# Supplied data
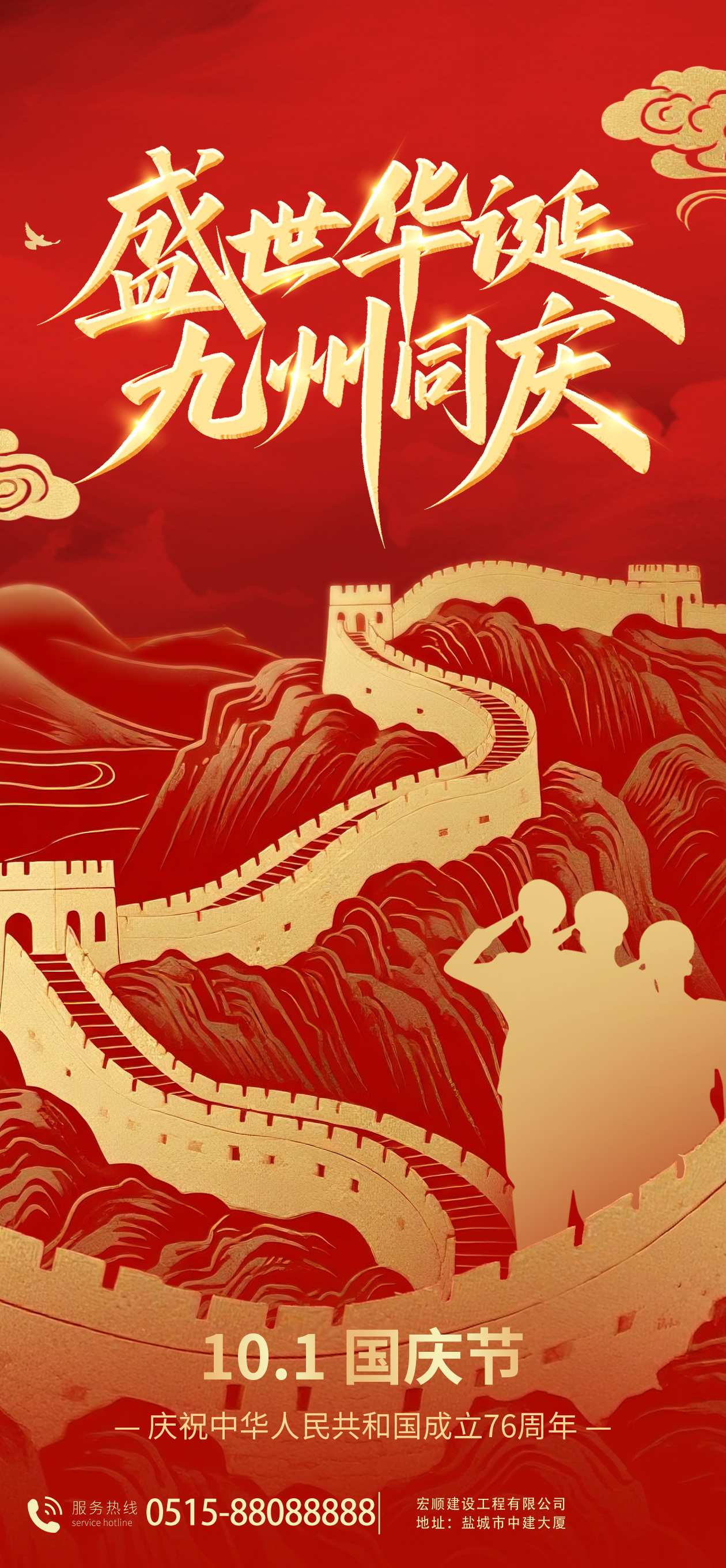 作為城市建設的筑夢者,我們深知每一棟拔地而起的高樓都凝聚著建設者的汗水,每一條延伸向遠方的道路都承載著時代的夢想。在這個特殊的日子里,我們不僅要為祖國的輝煌成就感到自豪,更要為能參與國家建設而感到無比光榮。國慶長假將至,愿各位在享受美好假期的同時,也能感受到我們最真摯的祝福。無論是與家人團聚的天倫之樂,還是外出游歷的愜意時光,都愿您收獲滿滿的幸福與歡樂。讓我們暫別繁忙的工作,在秋日的暖陽中積蓄力量,以更飽滿的熱情迎接未來的挑戰。宏順建設將始終秉持"質量為本、誠信立業"的企業精神,與您攜手共創美好明天。
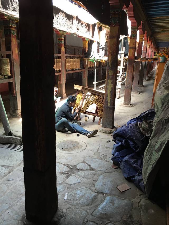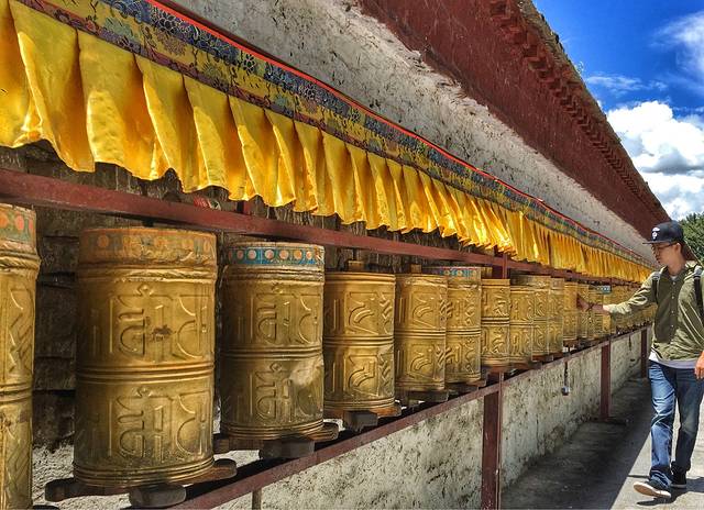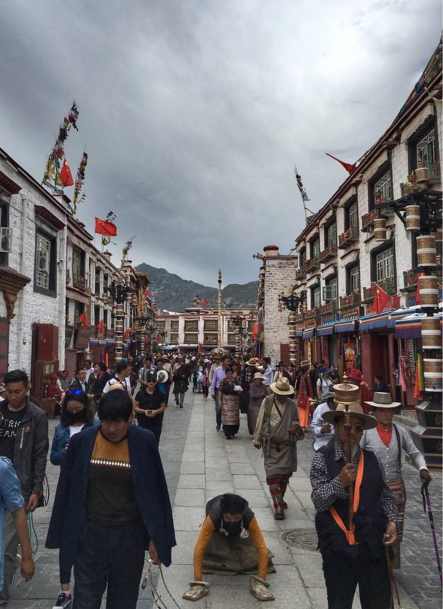 旅行的十多天里,在寺庙旁街道边,朝拜或转着经筒的人们随处可见。尤其是在在大昭寺旁,朝拜的藏民来来往往,络绎不绝。
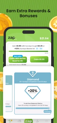 Get access to extra surveys, extra rewards and more! Earn real money from taking surveys, build up a login streak, and redeem your rewards faster than ever. Share your opinion with daily poll options, and continue earning real cash rewards with Zap Surveys.
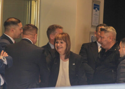 La primera oradora del escenario fue Patricia Bullrich, candidata a senadora, ganadora en la Ciudad de Buenos Aires con el 50,2%. La Ministra de Seguridad definió a la capital como “el motor del cambio”. “Lo importante es no retroceder”, sostuvo, y sobre los senadores que no responden ni al oficialismo ni al peronismo, aseguró: “Vamos a tener los brazos abiertos para construir mayoría”. “Hoy se dio un gran paso”, subrayó, mientras afuera la ovacionaban al grito de: “Pato sí, kukas no”.
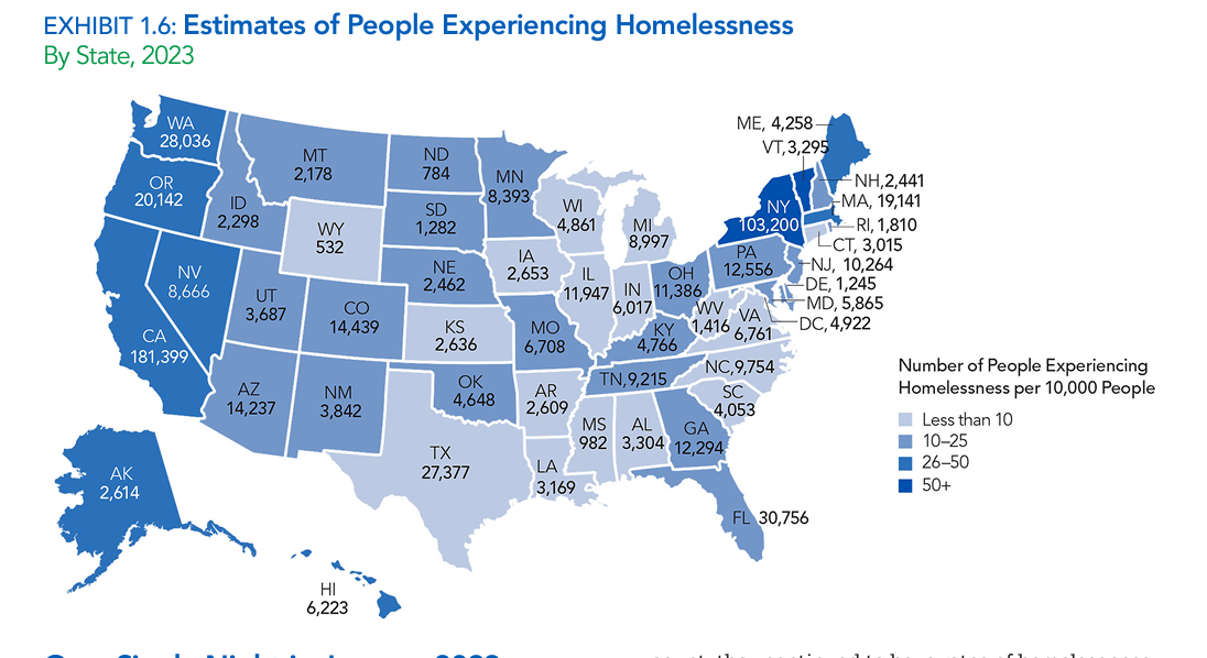 从以上最新的数据至少可以看到,无家可归的问题是全美各地都在经历的一场危机,但人口较多或人口密度较大的州问题更加严重。
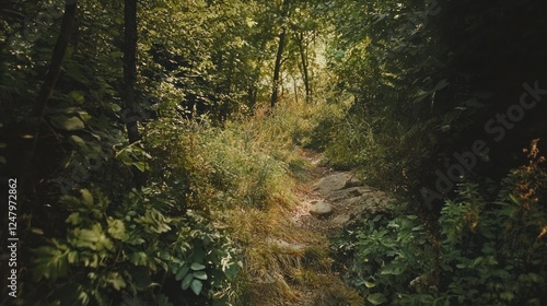 Fototapeta premium Sunlit Forest Path: A Tranquil Woodland Walk

# Requirement
Out of the records above, please copy exactly the lines from the line with "旅行的十多天里,在寺庙旁街道" up to and including the line with "Get access to", minus the pictures.

# Result for this task
 旅行的十多天里,在寺庙旁街道边,朝拜或转着经筒的人们随处可见。尤其是在在大昭寺旁,朝拜的藏民来来往往,络绎不绝。
 Get access to extra surveys, extra rewards and more! Earn real money from taking surveys, build up a login streak, and redeem your rewards faster than ever. Share your opinion with daily poll options, and continue earning real cash rewards with Zap Surveys.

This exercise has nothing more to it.